Study Shows Significant Link Between Income and University Application Rates

TORONTO, Sept. 16 /CNW/ - Students in low income neighbourhoods are 13 per cent less likely to apply to university than those in high income neighbourhoods according to a report released today by the Higher Education Quality Council of Ontario (HEQCO). The study found that the gap in application rates over the last decade has remained relatively constant and perhaps has increased slightly. The report attributes this to the deregulation of tuition rates in the 1990s and scholarships based primarily on entry grades.

"This report puts concrete numbers behind what many in the field have long said - that family income plays a significant role in determining who applies to university," said Dr.

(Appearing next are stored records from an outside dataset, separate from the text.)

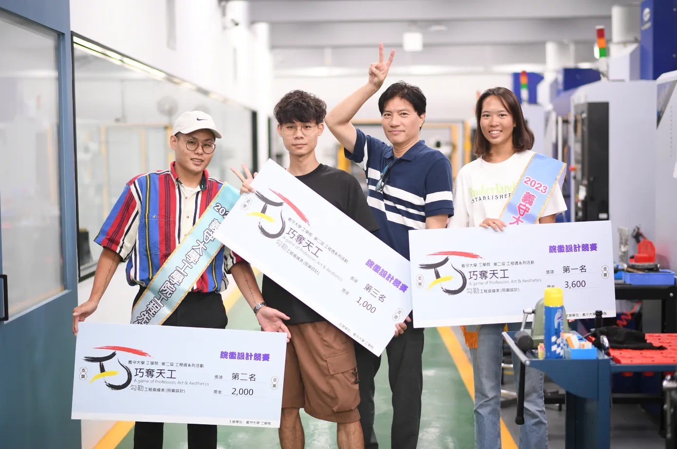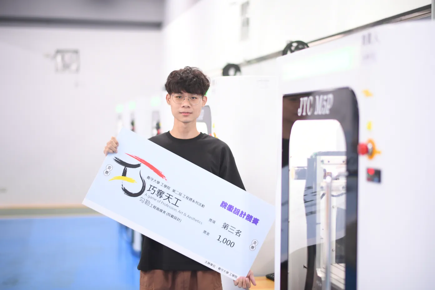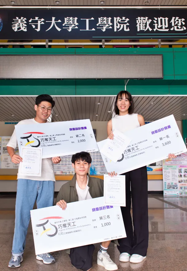 院徽設計競賽Facebook活動頁面獲獎作品【一體同心】以Engineering的首字母E做為主要視覺呈現,將四個系的元素及著重之精神做結合,E的發音同音中文「一」的發音,以示工學院就如同一個大家庭。第一名:機械系 | 邢智綺【Cosmically Engineering】在三環中構築著工學院內各系形象化表現,由內而外環環相扣,象徵著各系嚴密的緊繫互動,似宇宙中行星的互相牽引。作品中心的水滴,顯工學院培育人才積極灌溉,使前續光景川流不息、源源不絕。第二名:機械系 | 林郁翔【Craftsman spirit匠人の精神】這是一支結合各系象徵為一體的榔頭(房子-土木、原子-材料、齒輪-機械、量瓶-化工),合在一起象徵著匠人每天都會接觸的那把鍛造工具(榔頭),向人們傳遞著身為理工人的匠人精神,匠人精神是敬業、精益、專注與創新的體現,專業的人總是做著簡單的事,重複著、用心著。第三名:機械系 | 史耀綸活動照片【機械系】為本屆最大贏家第二屆工程週系列活動得獎學生合影第一名:機械系|邢智綺第二名:機械系|林郁翔第三名:機械系|史耀綸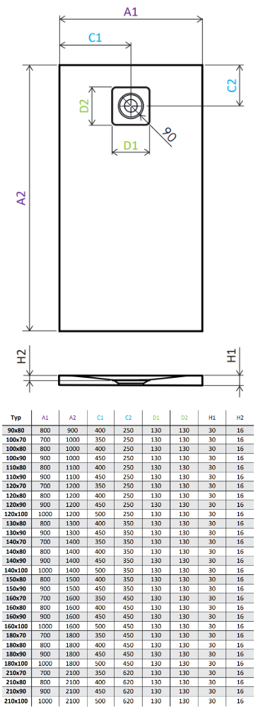 brodzik konglomeratowy prostokątny z odpływem na krótszym boku Cemento 130 x 80 cm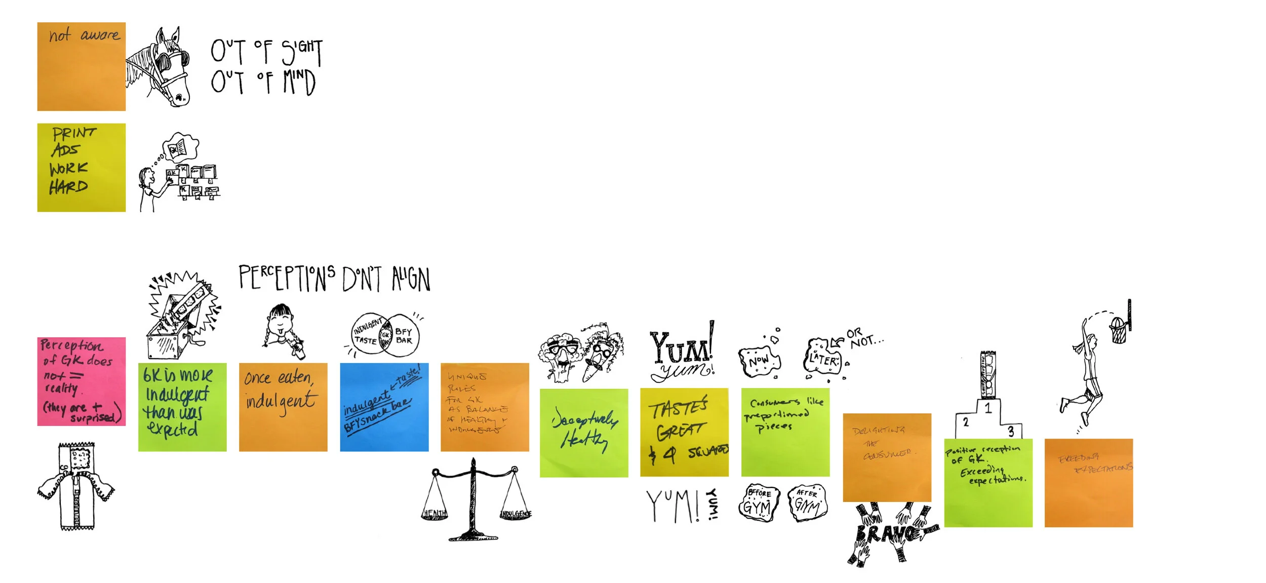 Insights discovered were then presented to the client and an illustrated PowerPoint report was produced to bring to life the team’s AHA moments (AKA Sticky Notes) learned during the workshop.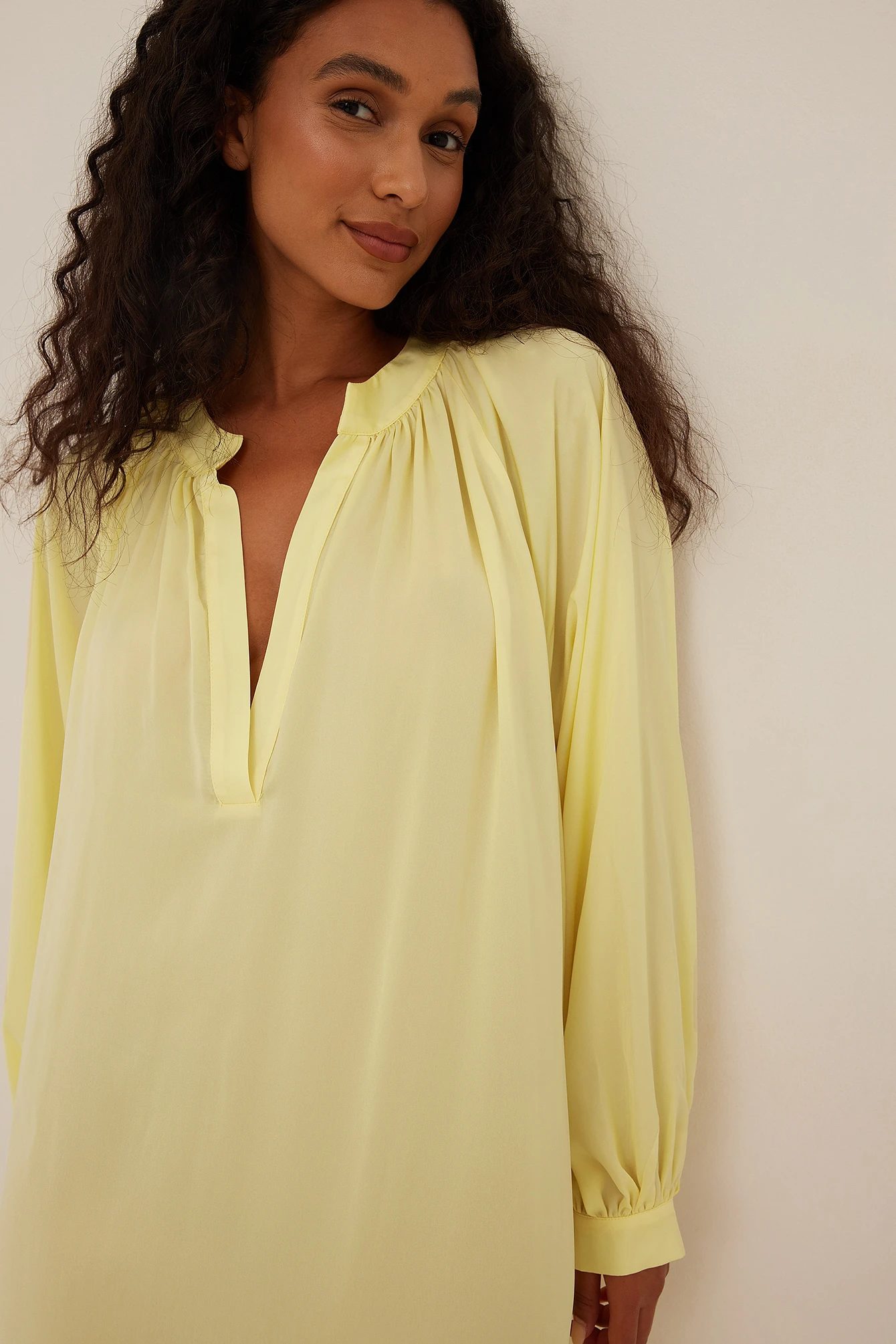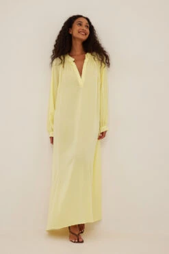 Cette robe longue a des manches longues avec boutons sur les manchettes, un col en V et une coupe fluide.

Ken Norrie, vice-president of research for the HEQCO. "This is important information that will help guide government and postsecondary institutions in ensuring opportunity for all of our young people."

The study, University Participation and Income Differences: An Analysis of Applications by Ontario Secondary School Students, produced by McMaster University professors Martin D. Dooley, A. Abigail Payne and A. Leslie Robb and funded by HEQCO also found that living in a rural area reduces the likelihood of university application. Being close to a university was found to lead to higher application rates along with attending a school with higher level performance on the grade 9 math EQAO test results. Application rates are also slightly higher for students attending Catholic schools along with areas with a large East Asian population.

The study looks at students applying to university from publicly funded English secondary schools in Ontario from 1995 to 2005 along with socio-economic characteristics found in the Censuses from Statistics Canada from 1991 to 2006.

About the Higher Education Quality Council of Ontario

The Higher Education Quality Council of Ontario is an arm's-length agency of the Government of Ontario dedicated to ensuring the continued improvement of the postsecondary education system in Ontario. The Council was created through the Higher Education Quality Council of Ontario Act, 2005. It is mandated to conduct research, evaluate the postsecondary education system, and provide policy recommendations to the Minister of Training, Colleges and Universities with a view to enhance the quality, access, and accountability of Ontario's higher education system.